Information needs to be managed within the context of a system. If you want to remember more of the information you come across, you need to understand the system you’re trying to push it through. This includes understanding the constraints of the system so that you can know ahead of time whether an action is possible or not. People who ask how they can get a photographic memory haven’t taken the time to realize that A) it’s not possible because of how the various systems in the brain work, and B) having shitloads of irrelevant information wouldn’t be that useful anyway. Anyone who’s taken the time to study and appreciate the systems of thought we all possess wouldn’t even bother asking such a question.

If you’ve ever tried to learn a new sport, you’ll be familiar with this phenomenon. For example, on my first day of boxing the instructor held up a pair of focus mitts (which I didn’t know were called focus mitts) and said “OK, give me a 1-2-3.” The concept of “1-2-3” didn’t mean anything to me; was this a combination, a single punch, a series of steps? Because I didn’t have any mental systems in place that were capable of making sense of the information, it was entirely meaningless to me. Now that I’ve done it for a while, I can do “1-2-3” (which is a combination) without thinking too much about it. In fact, after taking the time to develop my internal “boxing” systems, I can take on new information and make use of it rapidly. An instructor doesn’t need to explain to me why hip movement is important when throwing a hook or what a jab is - the system is in place and new information simply gets absorbed into what I already know.

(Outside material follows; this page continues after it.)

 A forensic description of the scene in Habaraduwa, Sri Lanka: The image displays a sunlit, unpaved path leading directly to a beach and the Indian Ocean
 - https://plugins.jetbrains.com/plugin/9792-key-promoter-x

Knowing what I know about learning, I walked into the boxing gym with the mindset that I wasn’t going to know anything and would spend most of the session there making a fool of myself. The constraints were pretty clear: I knew nothing, and trying to take on advanced knowledge would not be a good idea. It would be a waste of the instructor’s breath. If I’d walked in and tried to spar with an expert (which would be clear case of not respecting constraints), I would have probably gotten a concussion or two for my arrogance.

When you want to learn something, don’t be the guy that wants to spar on day one. Get your systems in order and then step into the ring.

Bottom Line

Information is important, but without systems and the context they provide, it’s just data. If you take the time to learn the ins and outs of systems, you’ll be able to utilize information in ways you never thought possible. You can integrate what you learn into your everyday life because you have taken the crucial step of identifying both the benefits and shortcomings of your brain.

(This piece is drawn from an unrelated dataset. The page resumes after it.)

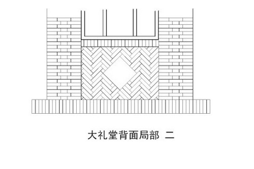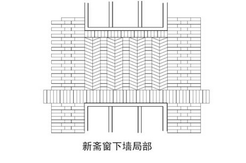 大礼堂的背面、老图书馆、新斋以及1号楼的红砖墙面,砖的砌筑方式和形成的图案有一定的渊源关系,分别见图5-9。
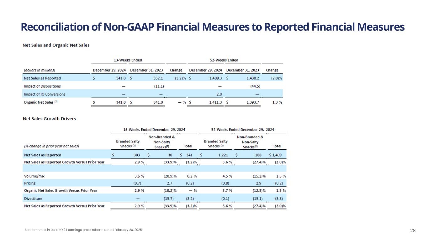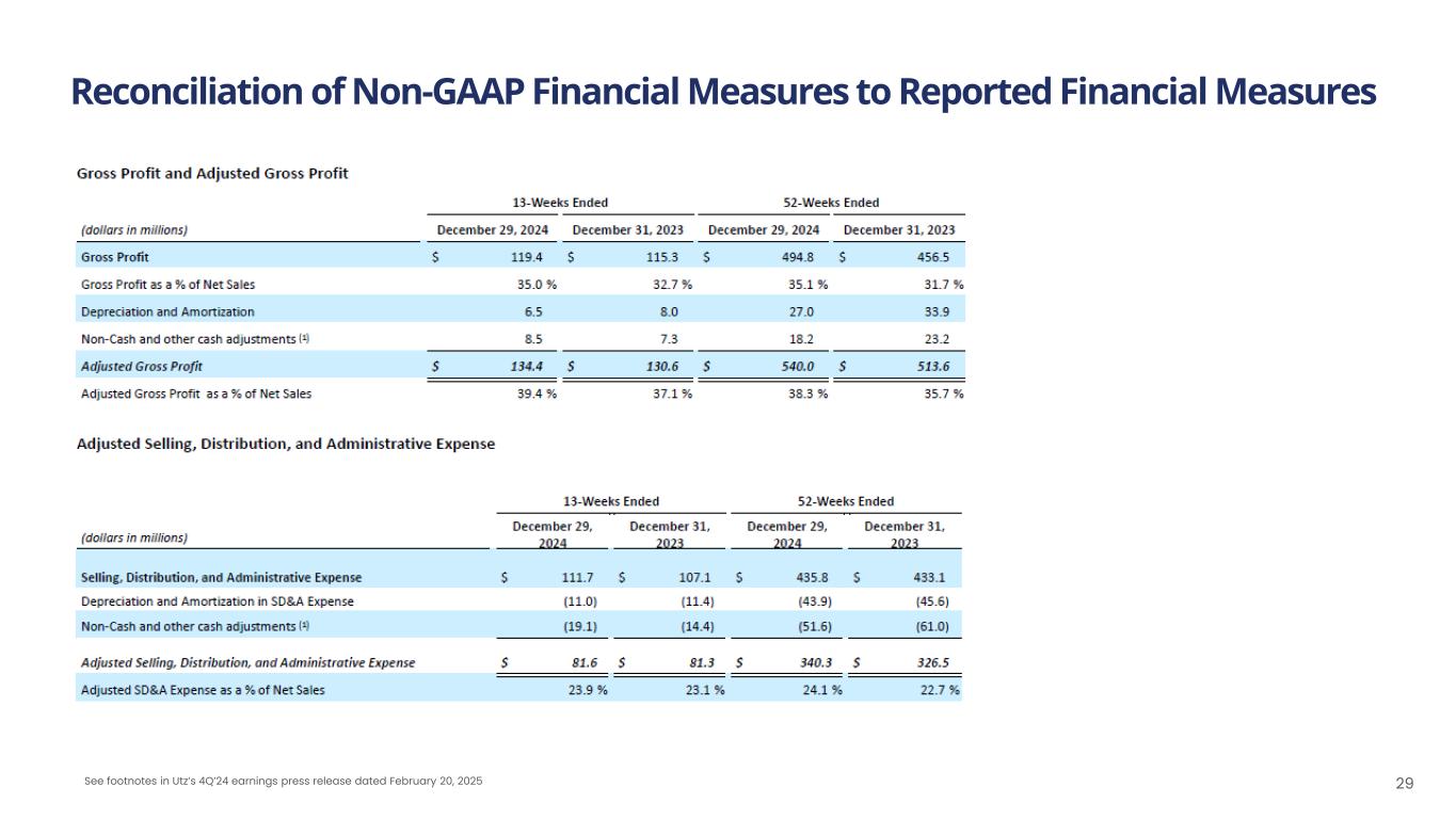 Reconciliation of Non-GAAP Financial Measures to Reported Financial Measures 28See footnotes in Utz’s 4Q’24 earnings press release dated February 20, 2025

I’ll even go a step further and say this: if you understand and optimize your systems, the information you accumulate is almost irrelevant. This is because a well-tuned system can adapt and take on new information in a highly optimized manner. Someone else without that systems-centric thought process is just going to have a jumbled mess of data that they might be able to conjure pseudo-insights out of for cocktail parties.

If you want to have an edge, study your systems. The information will come, and be more useful, afterwards.